• _Provided information_:
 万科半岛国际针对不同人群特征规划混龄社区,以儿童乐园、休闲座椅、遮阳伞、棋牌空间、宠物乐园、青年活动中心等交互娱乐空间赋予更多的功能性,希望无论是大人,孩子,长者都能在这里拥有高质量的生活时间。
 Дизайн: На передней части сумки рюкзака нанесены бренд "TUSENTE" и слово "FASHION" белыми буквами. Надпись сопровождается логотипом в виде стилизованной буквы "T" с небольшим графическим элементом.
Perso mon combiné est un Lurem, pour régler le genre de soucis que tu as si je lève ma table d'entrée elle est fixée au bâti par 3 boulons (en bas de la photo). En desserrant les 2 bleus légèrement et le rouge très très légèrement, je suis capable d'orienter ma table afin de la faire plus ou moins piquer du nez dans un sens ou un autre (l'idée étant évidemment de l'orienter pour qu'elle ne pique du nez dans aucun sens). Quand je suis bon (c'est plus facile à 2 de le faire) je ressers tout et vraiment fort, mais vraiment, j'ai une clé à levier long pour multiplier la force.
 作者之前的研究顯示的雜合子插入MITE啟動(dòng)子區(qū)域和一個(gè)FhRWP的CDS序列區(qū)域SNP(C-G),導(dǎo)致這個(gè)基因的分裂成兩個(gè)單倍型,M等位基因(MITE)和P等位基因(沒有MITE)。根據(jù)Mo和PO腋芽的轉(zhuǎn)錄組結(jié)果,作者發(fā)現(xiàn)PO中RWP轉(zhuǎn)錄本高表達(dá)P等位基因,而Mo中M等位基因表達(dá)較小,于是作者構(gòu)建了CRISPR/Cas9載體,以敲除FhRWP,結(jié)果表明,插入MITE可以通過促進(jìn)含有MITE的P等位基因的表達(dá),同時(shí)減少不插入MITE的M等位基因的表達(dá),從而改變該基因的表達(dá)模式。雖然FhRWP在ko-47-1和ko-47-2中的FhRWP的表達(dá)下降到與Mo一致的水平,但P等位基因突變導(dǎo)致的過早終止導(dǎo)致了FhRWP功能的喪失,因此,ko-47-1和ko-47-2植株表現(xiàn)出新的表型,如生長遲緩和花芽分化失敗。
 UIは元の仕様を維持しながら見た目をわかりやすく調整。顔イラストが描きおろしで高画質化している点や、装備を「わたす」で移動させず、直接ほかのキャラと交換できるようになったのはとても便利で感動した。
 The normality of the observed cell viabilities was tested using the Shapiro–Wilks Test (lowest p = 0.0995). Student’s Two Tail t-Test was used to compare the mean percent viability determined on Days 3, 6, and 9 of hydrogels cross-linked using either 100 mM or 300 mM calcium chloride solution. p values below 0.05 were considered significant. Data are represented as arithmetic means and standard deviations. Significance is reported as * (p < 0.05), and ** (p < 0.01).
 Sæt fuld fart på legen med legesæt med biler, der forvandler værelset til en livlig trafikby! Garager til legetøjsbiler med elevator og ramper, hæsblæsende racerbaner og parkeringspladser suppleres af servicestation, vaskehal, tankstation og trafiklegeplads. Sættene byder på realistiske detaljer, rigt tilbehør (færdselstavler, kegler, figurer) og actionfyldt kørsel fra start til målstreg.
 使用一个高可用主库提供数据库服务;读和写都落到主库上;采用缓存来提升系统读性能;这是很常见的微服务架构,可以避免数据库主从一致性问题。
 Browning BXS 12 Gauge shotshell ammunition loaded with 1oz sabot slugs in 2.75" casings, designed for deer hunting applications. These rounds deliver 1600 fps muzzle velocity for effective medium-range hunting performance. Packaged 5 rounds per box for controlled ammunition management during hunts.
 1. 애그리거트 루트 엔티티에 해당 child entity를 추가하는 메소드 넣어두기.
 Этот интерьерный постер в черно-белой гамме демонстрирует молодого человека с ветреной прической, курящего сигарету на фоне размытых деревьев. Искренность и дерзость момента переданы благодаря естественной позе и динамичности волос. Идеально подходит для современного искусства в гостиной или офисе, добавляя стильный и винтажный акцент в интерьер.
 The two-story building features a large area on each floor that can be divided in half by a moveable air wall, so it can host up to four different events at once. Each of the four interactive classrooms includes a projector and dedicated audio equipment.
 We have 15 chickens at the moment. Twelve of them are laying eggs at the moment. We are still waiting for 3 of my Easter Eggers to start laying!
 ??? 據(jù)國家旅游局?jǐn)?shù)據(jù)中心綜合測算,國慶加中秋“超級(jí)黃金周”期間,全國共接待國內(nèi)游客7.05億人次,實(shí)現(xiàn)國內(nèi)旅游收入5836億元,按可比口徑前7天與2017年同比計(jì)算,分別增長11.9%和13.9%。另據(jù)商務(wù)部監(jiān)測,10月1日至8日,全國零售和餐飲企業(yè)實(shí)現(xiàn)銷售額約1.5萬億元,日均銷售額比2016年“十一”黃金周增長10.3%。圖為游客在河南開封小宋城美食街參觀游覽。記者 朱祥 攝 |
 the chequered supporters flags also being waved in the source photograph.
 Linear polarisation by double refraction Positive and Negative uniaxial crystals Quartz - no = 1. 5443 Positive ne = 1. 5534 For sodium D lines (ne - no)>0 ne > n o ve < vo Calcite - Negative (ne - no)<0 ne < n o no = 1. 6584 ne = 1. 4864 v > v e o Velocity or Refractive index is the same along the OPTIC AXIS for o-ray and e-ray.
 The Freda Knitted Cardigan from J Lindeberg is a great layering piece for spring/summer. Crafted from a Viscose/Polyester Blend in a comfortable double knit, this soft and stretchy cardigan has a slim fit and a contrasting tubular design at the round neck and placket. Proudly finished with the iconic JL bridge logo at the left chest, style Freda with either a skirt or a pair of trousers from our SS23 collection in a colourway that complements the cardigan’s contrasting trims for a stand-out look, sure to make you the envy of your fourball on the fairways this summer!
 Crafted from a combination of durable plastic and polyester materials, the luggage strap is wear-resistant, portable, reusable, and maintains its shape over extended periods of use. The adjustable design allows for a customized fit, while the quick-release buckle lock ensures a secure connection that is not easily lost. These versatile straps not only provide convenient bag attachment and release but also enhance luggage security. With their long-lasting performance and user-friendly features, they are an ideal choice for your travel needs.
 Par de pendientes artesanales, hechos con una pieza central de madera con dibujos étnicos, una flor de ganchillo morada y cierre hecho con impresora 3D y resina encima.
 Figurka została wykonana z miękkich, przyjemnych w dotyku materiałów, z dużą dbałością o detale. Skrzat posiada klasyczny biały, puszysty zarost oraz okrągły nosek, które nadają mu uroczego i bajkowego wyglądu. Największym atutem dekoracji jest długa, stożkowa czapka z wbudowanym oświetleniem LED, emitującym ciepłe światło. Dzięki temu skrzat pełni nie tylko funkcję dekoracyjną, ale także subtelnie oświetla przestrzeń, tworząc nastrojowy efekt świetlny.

• _Exercise aim_: Without altering a single word, write out the whole listing.

• _Response area_:
 万科半岛国际针对不同人群特征规划混龄社区,以儿童乐园、休闲座椅、遮阳伞、棋牌空间、宠物乐园、青年活动中心等交互娱乐空间赋予更多的功能性,希望无论是大人,孩子,长者都能在这里拥有高质量的生活时间。
 Дизайн: На передней части сумки рюкзака нанесены бренд "TUSENTE" и слово "FASHION" белыми буквами. Надпись сопровождается логотипом в виде стилизованной буквы "T" с небольшим графическим элементом.
Perso mon combiné est un Lurem, pour régler le genre de soucis que tu as si je lève ma table d'entrée elle est fixée au bâti par 3 boulons (en bas de la photo). En desserrant les 2 bleus légèrement et le rouge très très légèrement, je suis capable d'orienter ma table afin de la faire plus ou moins piquer du nez dans un sens ou un autre (l'idée étant évidemment de l'orienter pour qu'elle ne pique du nez dans aucun sens). Quand je suis bon (c'est plus facile à 2 de le faire) je ressers tout et vraiment fort, mais vraiment, j'ai une clé à levier long pour multiplier la force.
 作者之前的研究顯示的雜合子插入MITE啟動(dòng)子區(qū)域和一個(gè)FhRWP的CDS序列區(qū)域SNP(C-G),導(dǎo)致這個(gè)基因的分裂成兩個(gè)單倍型,M等位基因(MITE)和P等位基因(沒有MITE)。根據(jù)Mo和PO腋芽的轉(zhuǎn)錄組結(jié)果,作者發(fā)現(xiàn)PO中RWP轉(zhuǎn)錄本高表達(dá)P等位基因,而Mo中M等位基因表達(dá)較小,于是作者構(gòu)建了CRISPR/Cas9載體,以敲除FhRWP,結(jié)果表明,插入MITE可以通過促進(jìn)含有MITE的P等位基因的表達(dá),同時(shí)減少不插入MITE的M等位基因的表達(dá),從而改變該基因的表達(dá)模式。雖然FhRWP在ko-47-1和ko-47-2中的FhRWP的表達(dá)下降到與Mo一致的水平,但P等位基因突變導(dǎo)致的過早終止導(dǎo)致了FhRWP功能的喪失,因此,ko-47-1和ko-47-2植株表現(xiàn)出新的表型,如生長遲緩和花芽分化失敗。
 UIは元の仕様を維持しながら見た目をわかりやすく調整。顔イラストが描きおろしで高画質化している点や、装備を「わたす」で移動させず、直接ほかのキャラと交換できるようになったのはとても便利で感動した。
 The normality of the observed cell viabilities was tested using the Shapiro–Wilks Test (lowest p = 0.0995). Student’s Two Tail t-Test was used to compare the mean percent viability determined on Days 3, 6, and 9 of hydrogels cross-linked using either 100 mM or 300 mM calcium chloride solution. p values below 0.05 were considered significant. Data are represented as arithmetic means and standard deviations. Significance is reported as * (p < 0.05), and ** (p < 0.01).
 Sæt fuld fart på legen med legesæt med biler, der forvandler værelset til en livlig trafikby! Garager til legetøjsbiler med elevator og ramper, hæsblæsende racerbaner og parkeringspladser suppleres af servicestation, vaskehal, tankstation og trafiklegeplads. Sættene byder på realistiske detaljer, rigt tilbehør (færdselstavler, kegler, figurer) og actionfyldt kørsel fra start til målstreg.
 使用一个高可用主库提供数据库服务;读和写都落到主库上;采用缓存来提升系统读性能;这是很常见的微服务架构,可以避免数据库主从一致性问题。
 Browning BXS 12 Gauge shotshell ammunition loaded with 1oz sabot slugs in 2.75" casings, designed for deer hunting applications. These rounds deliver 1600 fps muzzle velocity for effective medium-range hunting performance. Packaged 5 rounds per box for controlled ammunition management during hunts.
 1. 애그리거트 루트 엔티티에 해당 child entity를 추가하는 메소드 넣어두기.
 Этот интерьерный постер в черно-белой гамме демонстрирует молодого человека с ветреной прической, курящего сигарету на фоне размытых деревьев. Искренность и дерзость момента переданы благодаря естественной позе и динамичности волос. Идеально подходит для современного искусства в гостиной или офисе, добавляя стильный и винтажный акцент в интерьер.
 The two-story building features a large area on each floor that can be divided in half by a moveable air wall, so it can host up to four different events at once. Each of the four interactive classrooms includes a projector and dedicated audio equipment.
 We have 15 chickens at the moment. Twelve of them are laying eggs at the moment. We are still waiting for 3 of my Easter Eggers to start laying!
 ??? 據(jù)國家旅游局?jǐn)?shù)據(jù)中心綜合測算,國慶加中秋“超級(jí)黃金周”期間,全國共接待國內(nèi)游客7.05億人次,實(shí)現(xiàn)國內(nèi)旅游收入5836億元,按可比口徑前7天與2017年同比計(jì)算,分別增長11.9%和13.9%。另據(jù)商務(wù)部監(jiān)測,10月1日至8日,全國零售和餐飲企業(yè)實(shí)現(xiàn)銷售額約1.5萬億元,日均銷售額比2016年“十一”黃金周增長10.3%。圖為游客在河南開封小宋城美食街參觀游覽。記者 朱祥 攝 |
 the chequered supporters flags also being waved in the source photograph.
 Linear polarisation by double refraction Positive and Negative uniaxial crystals Quartz - no = 1. 5443 Positive ne = 1. 5534 For sodium D lines (ne - no)>0 ne > n o ve < vo Calcite - Negative (ne - no)<0 ne < n o no = 1. 6584 ne = 1. 4864 v > v e o Velocity or Refractive index is the same along the OPTIC AXIS for o-ray and e-ray.
 The Freda Knitted Cardigan from J Lindeberg is a great layering piece for spring/summer. Crafted from a Viscose/Polyester Blend in a comfortable double knit, this soft and stretchy cardigan has a slim fit and a contrasting tubular design at the round neck and placket. Proudly finished with the iconic JL bridge logo at the left chest, style Freda with either a skirt or a pair of trousers from our SS23 collection in a colourway that complements the cardigan’s contrasting trims for a stand-out look, sure to make you the envy of your fourball on the fairways this summer!
 Crafted from a combination of durable plastic and polyester materials, the luggage strap is wear-resistant, portable, reusable, and maintains its shape over extended periods of use. The adjustable design allows for a customized fit, while the quick-release buckle lock ensures a secure connection that is not easily lost. These versatile straps not only provide convenient bag attachment and release but also enhance luggage security. With their long-lasting performance and user-friendly features, they are an ideal choice for your travel needs.
 Par de pendientes artesanales, hechos con una pieza central de madera con dibujos étnicos, una flor de ganchillo morada y cierre hecho con impresora 3D y resina encima.
 Figurka została wykonana z miękkich, przyjemnych w dotyku materiałów, z dużą dbałością o detale. Skrzat posiada klasyczny biały, puszysty zarost oraz okrągły nosek, które nadają mu uroczego i bajkowego wyglądu. Największym atutem dekoracji jest długa, stożkowa czapka z wbudowanym oświetleniem LED, emitującym ciepłe światło. Dzięki temu skrzat pełni nie tylko funkcję dekoracyjną, ale także subtelnie oświetla przestrzeń, tworząc nastrojowy efekt świetlny.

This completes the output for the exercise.